Segment Start: Records to process

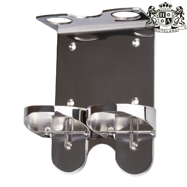 Stainless steel dispenser rack for 2 bottleS. Suggested to be screwed on the wall. Combine it with 300ml bottles from LE MIEL or MYTHIC OLEA lines.
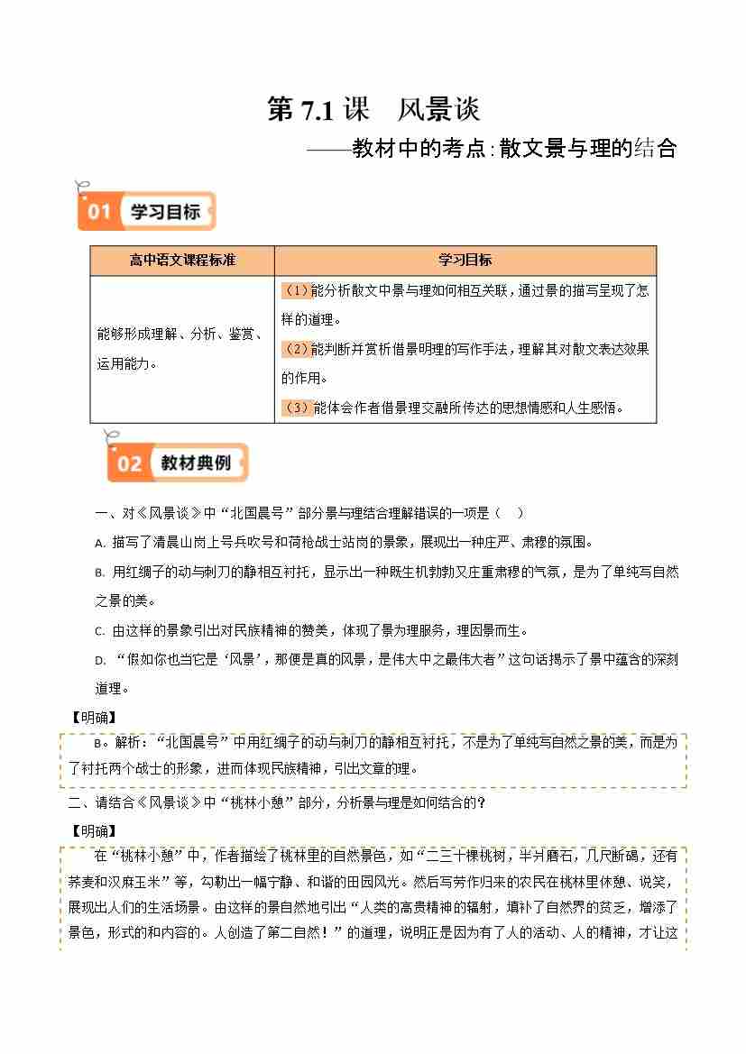 第7.1课 风景谈(教材中的考点:散文景与理的结合)(学生版)
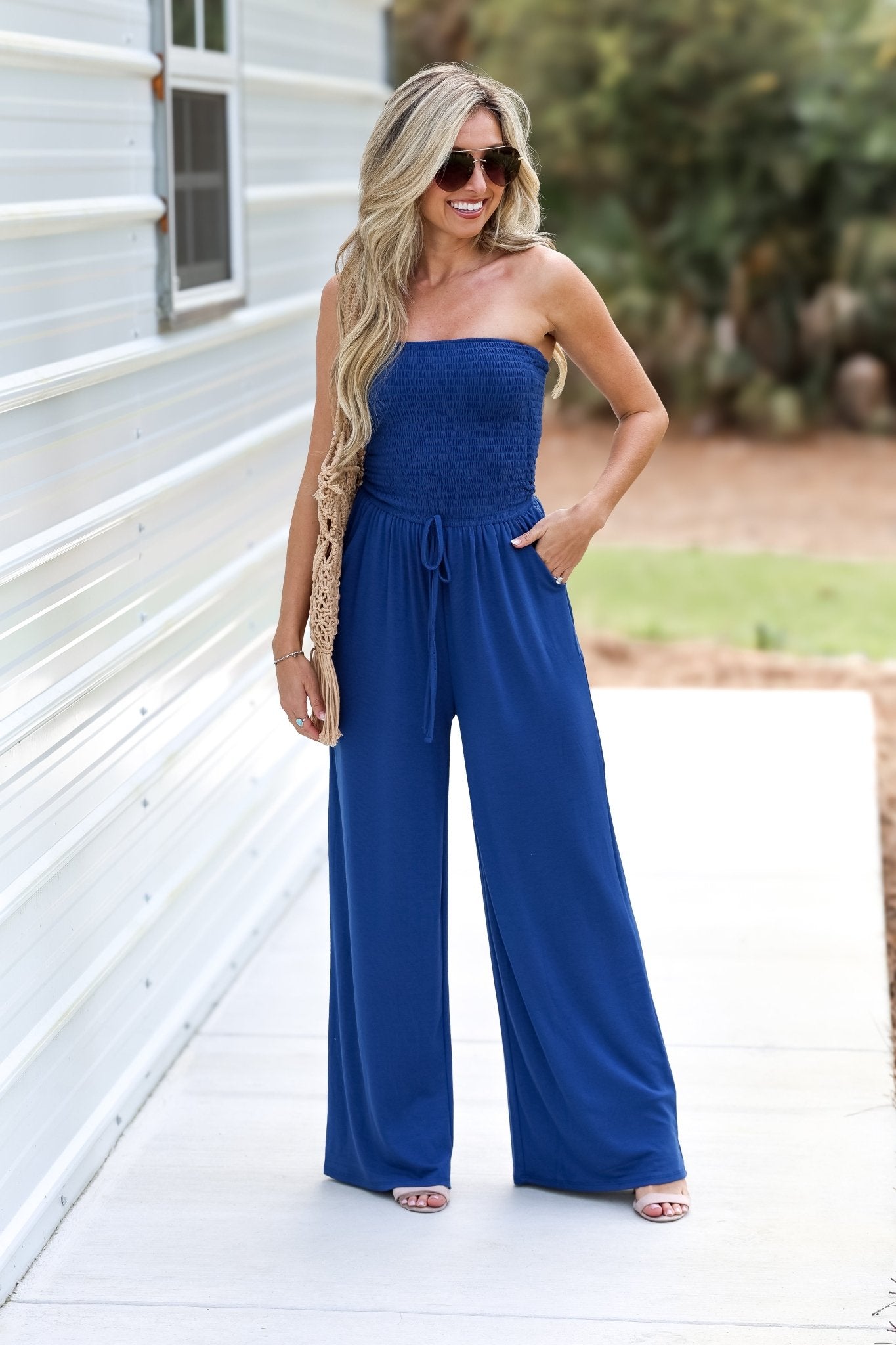 Oh-so-comfy, this strapless jumpsuit is your go-to for laid-back days or casual outings. Featuring a smocked bodice for a flattering, stay-put fit and flowy wide-leg pants for ultimate comfort, it's perfect for everything from brunch dates to beach strolls. The adjustable drawstring waist adds a touch of style. Pair it with sandals and a straw clutch for a breezy vibe or dress it up with heels for a relaxed yet elevated look. Style made simple!
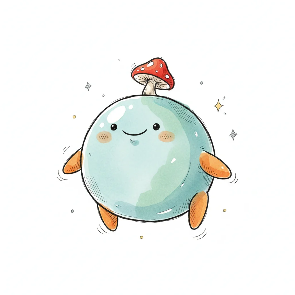 Niedliches, rundes, hellblaues Wesen mit Pilzhut und fröhlichem Gesicht, umgeben von Glitzer.
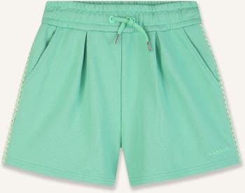 Let yourself be seduced by the exceptional comfort of the LANVIN non-brushed fleece shorts. It contains organically grown cotton, it offers unparalleled softness for small adventures. Its neat design is accentuated by an elegant Curb braid on the sides and a tone-on-tone embroidered logo on the front. With its elasticated waistband and laces, these shorts combine style and practicality, perfect for moments of play. This model is Green Around (see details below: Traceability and Manufacturing).
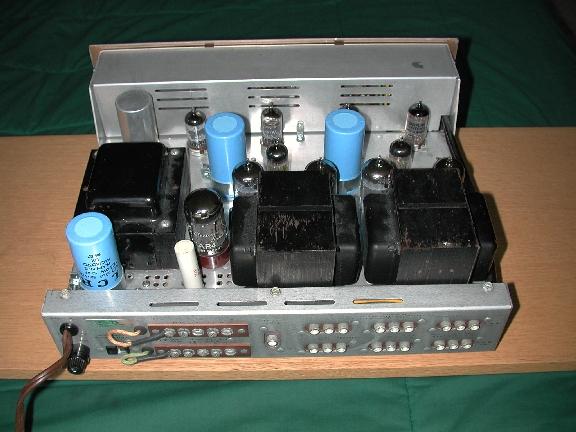Here's my Eico HF-85 with its power supply filtering capacitor rebuilt using the above method. This repair was done in situ, though I don't recommend leaving the electrolytic in the chassis, since you have to solder to the terminals anyway.
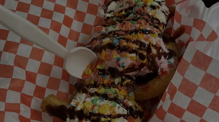 They have churros, ice cream, & funnel cake. I got the funnel cake. It was crunch at the edges and soft in the middle. I got the Nutella and strawberries.
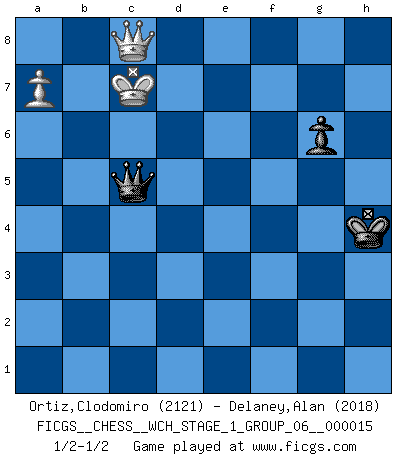 Last move : 1/2-1/2 2016 July 6 0:8:33 [Event "FICGS__CHESS__WCH_STAGE_1_GROUP_06__000015"] [Site "FICGS"] [Date "2015.07.02"] [Round "1"] [White "Ortiz,Clodomiro"] [Black "Delaney,Alan"] [Result "1/2-1/2"] [WhiteElo "2121"] [BlackElo "2018"] 1.d4 Nf6 2.c4 e6 3.Nc3 d5 4.Nf3 c6 5.e3 Nbd7 6.Qc2 Bd6 7.cxd5 exd5 8.Bd3 O-O 9.O-O Re8 10.Re1 c5 11.Bd2 c4 12.Bf1 Nb6 13.a4 a5 14.b3 Bg4 15.Reb1 Bxf3 16.gxf3 Rc8 17.Ne2 cxb3 18.Qxb3 Nc4 19.Be1 Re7 20.Ng3 Rec7 21.Bh3 Rb8 22.Bg2 b6 23.Qd3 g6 24.Ne2 Bf8 25.Rb5 Nd6 26.Rb3 Nc4 27.e4 Bh6 28.Nc3 Rbc8 29.Bh3 Rb8 30.Rd1 Bf4 31.R3b1 Bh6 32.Kh1 Bf4 33.Bg2 Rbc8 34.Rb5 Nd6 35.Rb3 Nc4 36.Bh3 Ra8 37.Qf1 Bh6 38.Qg2 Rb8 39.Bg4 dxe4 40.fxe4 Nxg4 41.Qxg4 Rd7 42.Nb5 Rc8 43.Rc3 Bf8 44.Rdc1 Nd6 45.Rxc8 Nxc8 46.d5 Nd6 47.Nd4 Qe8 48.f3 Nb7 49.Bh4 Nc5 50.Rc4 Nd3 51.Qg2 Bc5 52.Qc2 Nb4 53.Qc3 f5 54.Ne6 fxe4 55.Nxc5 bxc5 56.Rxc5 Nxd5 57.Qc4 Qf7 58.Qxe4 h6 59.Rxa5 Nc3 60.Qc6 Ne2 61.Bg3 Kh7 62.Rc5 Re7 63.Rc4 Nxg3+ 64.hxg3 Qf5 65.Kg2 Re2+ 66.Kg1 Qb1+ 67.Rc1 Re1+ 68.Rxe1 Qxe1+ 69.Kh2 Qe2+ 70.Kh3 h5 71.f4 Qg4+ 72.Kh2 h4 73.Qc7+ Kh6 74.Qc3 hxg3+ 75.Qxg3 Qd1 76.Qc3 Kh7 77.a5 Kg8 78.Qc4+ Kh7 79.a6 Qe1 80.Kg2 Qd2+ 81.Kf3 Qd1+ 82.Ke4 Qd7 83.Ke3 Qh3+ 84.Kd2 Qd7+ 85.Qd3 Qe6 86.Qb5 Qa2+ 87.Kc3 Qa1+ 88.Kc2 Qa2+ 89.Kd3 Qa3+ 90.Ke2 Qe7+ 91.Kf3 Qa3+ 92.Ke4 Qe7+ 93.Kd3 Qa3+ 94.Kd2 Qa2+ 95.Ke1 Qe6+ 96.Kf2 Qa2+ 97.Qe2 Qf7 98.Kg3 Qa7 99.Kg2 Qa8+ 100.Kf2 Qa7+ 101.Kf3 Qa8+ 102.Kg4 Qa7 103.Qh2+ Kg8 104.Qa2+ Kh7 105.Kf3 Qa8+ 106.Kf2 Qa7+ 107.Ke2 Qe7+ 108.Kf3 Qd7 109.Qh2+ Kg8 110.Qe2 Kh7 111.Qc4 Qh3+ 112.Ke2 Qg2+ 113.Ke3 Qh3+ 114.Kd4 Qd7+ 115.Kc3 Qd6 116.Qf7+ Kh8 117.Qb7 Qxf4 118.Qc8+ Kg7 119.Qd7+ Kg8 120.Qd4 Qc1+ 121.Kb4 Qh1 122.Kc5 Qh2 123.Qd8+ Kg7 124.a7 Qc2+ 125.Kb6 Qb2+ 126.Kc7 Qc2+ 127.Kb8 Qb1+ 128.Kc8 Qe4 129.Qd7+ Kh8 130.Qh3+ Kg7 131.Qc3+ Kh6 132.Qh8+ Kg5 133.Qd8+ Kg4 134.Qd7+ Kh4 135.Kb8 Qf4+ 136.Qc7 Qf8+ 137.Qc8 Qb4+ 138.Kc7 Qc5+ 139.Kb7 Qb5+ 140.Kc7 Qc5+ 141.Kb7 Qb5+ 142.Kc7 Qc5+ 1/2-1/2 Queen's pawn game Kingside Castling by player Black (move 8) Kingside Castling by player White (move 9) 10 pieces endgame at move 68 : White KQRPPP , Black KQPP WHITE : King + 1 Queen 1 Rook 3 Pawns BLACK : King + 1 Queen 2 Pawns 9 pieces endgame at move 68 : White KQPPP , Black KQPP WHITE : King + 1 Queen 3 Pawns BLACK : King + 1 Queen 2 Pawns 8 pieces endgame at move 74 : White KQPP , Black KQPP WHITE : King + 1 Queen 2 Pawns BLACK : King + 1 Queen 2 Pawns 7 pieces endgame at move 75 : White KQPP , Black KQP WHITE : King + 1 Queen 2 Pawns BLACK : King + 1 Queen 1 Pawn 6 pieces endgame at move 117 : White KQP , Black KQP WHITE : King + 1 Queen 1 Pawn BLACK : King + 1 Queen 1 Pawn This chess game ended in a draw. Follow this game move after move (download)Chess is a matter of delicate judgment, knowing when to punch and how to duck. (Bobby Fischer) Ich erzeugte keinen Neid, da mich die Schachspieler als Musiker und die Musiker als Schachspieler betrachteten. (Mark Taimanov) Bendita sea la memoria de aquel que dio al mundo este juego inmortal. (A. G. Gardiner) Les échecs sont utiles à l'exercice de la faculté de penser et à celle de l'imagination. Car nous devons posséder une méthode élaborée pour atteindre des buts partout où nous devons conduire notre raison. (Leibnitz) Big Chess is a place for big hallucinations. (Thibault de Vassal)
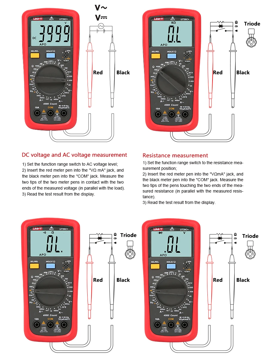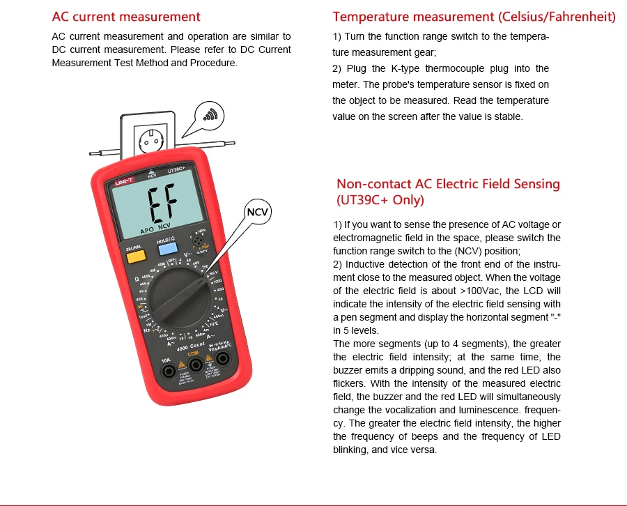 Напряжение переменного тока:400мв/4В/40В/400v/1000v
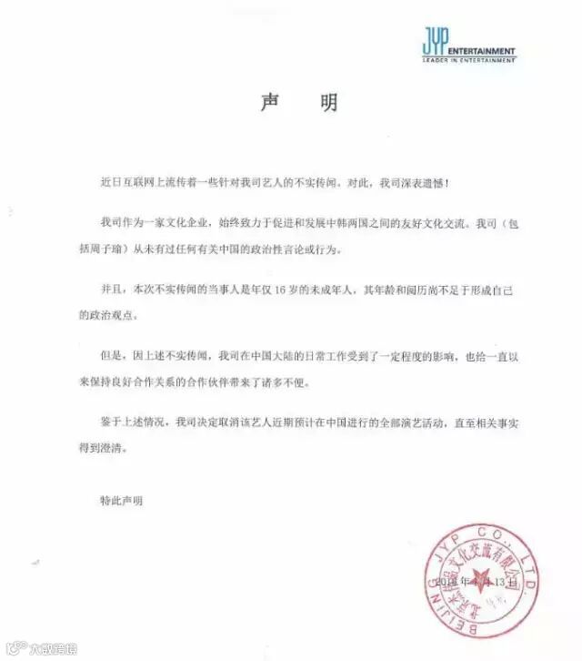 之后JYP公司发表声明,全篇看不到一个道歉字眼,甚至没有一个有效声明,还说我们取消艺人中国活动,明明是我们网民抵制的结果,却说成了自己主动。
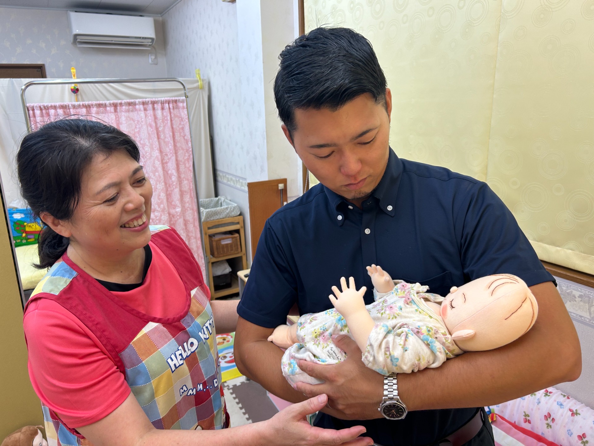 新生児サイズのお人形を使って、基本的な赤ちゃんのお世話(抱き方•オムツ交換•お着替え)について練習します。
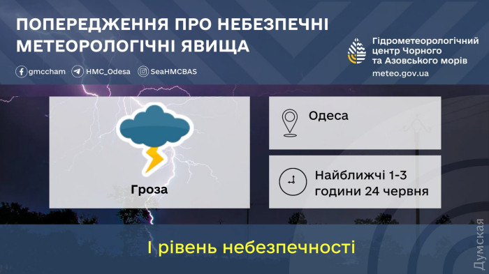 Гроза насувається на Одесу: синоптики оголосили штормове попередженняШтормове попередження через грозу оголосили в Одесі до кінця дня, 24 червня. Про небезпечні метеорологічні явища I рівня (жовтого) небезпеки повідомляють у Гідрометцентрі Чорного та Азовського морів. За даними синоптиків, погіршення погодних умов очікується в найближчі 1-3 години. Вітер південно-західний 7-12 м/с. Одеситів та гостей міста закликають бути пильними, обмежити пересування вулицями і не залишати автомобілі під деревами та лініями електропередач. Уже завтра, 25 червня, опадів не передбачається, але буде мінлива хмарність. Також в регіоні очікується надзвичайний рівень пожежної небезпеки. В області температура вночі +14+19°С, вдень місцями до +35°С. В Одесі +17+19°С вночі, а вдень стовпчики термометрів піднімуться до +26+28°С. Морська вода прогріється до +14+15°С. СМЕРТЬ РОСІЙСЬКИМ ОКУПАНТАМ! Помітили помилку? Виділяйте слова з помилкою та натискайте control-enter |
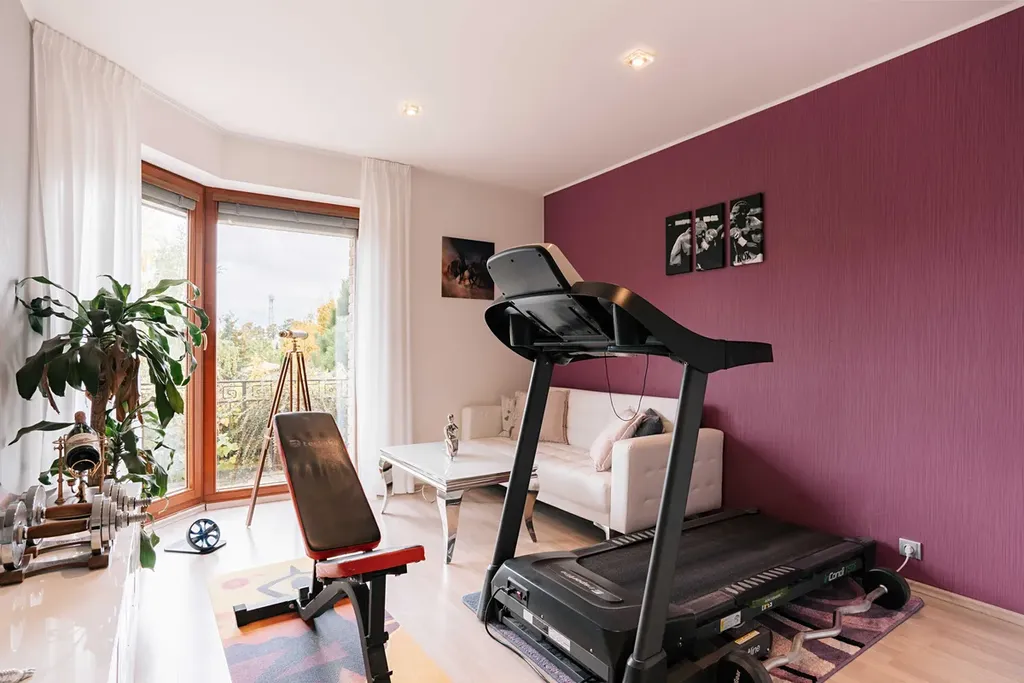 Dominantou domu je prostorný obývací pokoj s kuchyní a krbem o výměře 50 m². Díky velkým francouzským oknům je celý dům dokonale prosvětlený a propojený se zahradou.
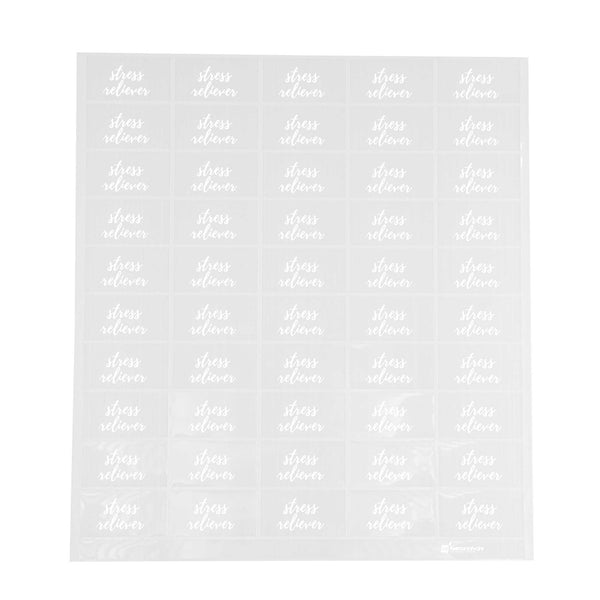 Create playful drink presentations using our Label Tek Plastic Stress Reliever Labels. Ideal for packing up to-go beverage orders, these plastic labels are designed with a water-resistant construction that conveniently holds up against condensation to prevent labels from peeling off. These clear labels include a white cursive font that reads "Stress Reliever" so customers can quickly identify and grab their desired beverages without having to sort through other bottles. Perfect for sealing take out containers or bags, these clear labels are made with a strong adhesive back. The clear background of these decorative adhesives provide an effortless way of matching the decor and packaging at your foodservice establishment. These plastic labels arrive in a sheet so employees can label items in a speedy and hassle-free manner. These clear labels measure 2 inches in length by 1 inch in width. Sold in a 100 count box. Browse our selection of water-resistant labels to find the perfect packaging solution for your take out orders.
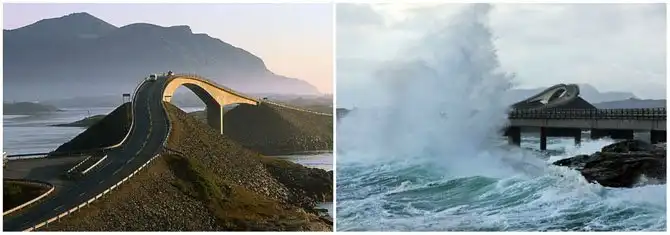 Атлантическая дорога протяженностью 8 км построена в Норвегии специально для туристов. 12 мостов, соединяющих островки вдоль северного побережья Атлантики, это маршрут для наслаждения красотой природы, свежим ветром и ощущением свободы.

Segment End: Records to process

Without the pictures, repeat the entries above line by line, from the first through the one that contains "第7.1课 风景谈(教材中的考点:散文景与理的结合)(学生版)", both ends included.

Final answer –
 Stainless steel dispenser rack for 2 bottleS. Suggested to be screwed on the wall. Combine it with 300ml bottles from LE MIEL or MYTHIC OLEA lines.
 第7.1课 风景谈(教材中的考点:散文景与理的结合)(学生版)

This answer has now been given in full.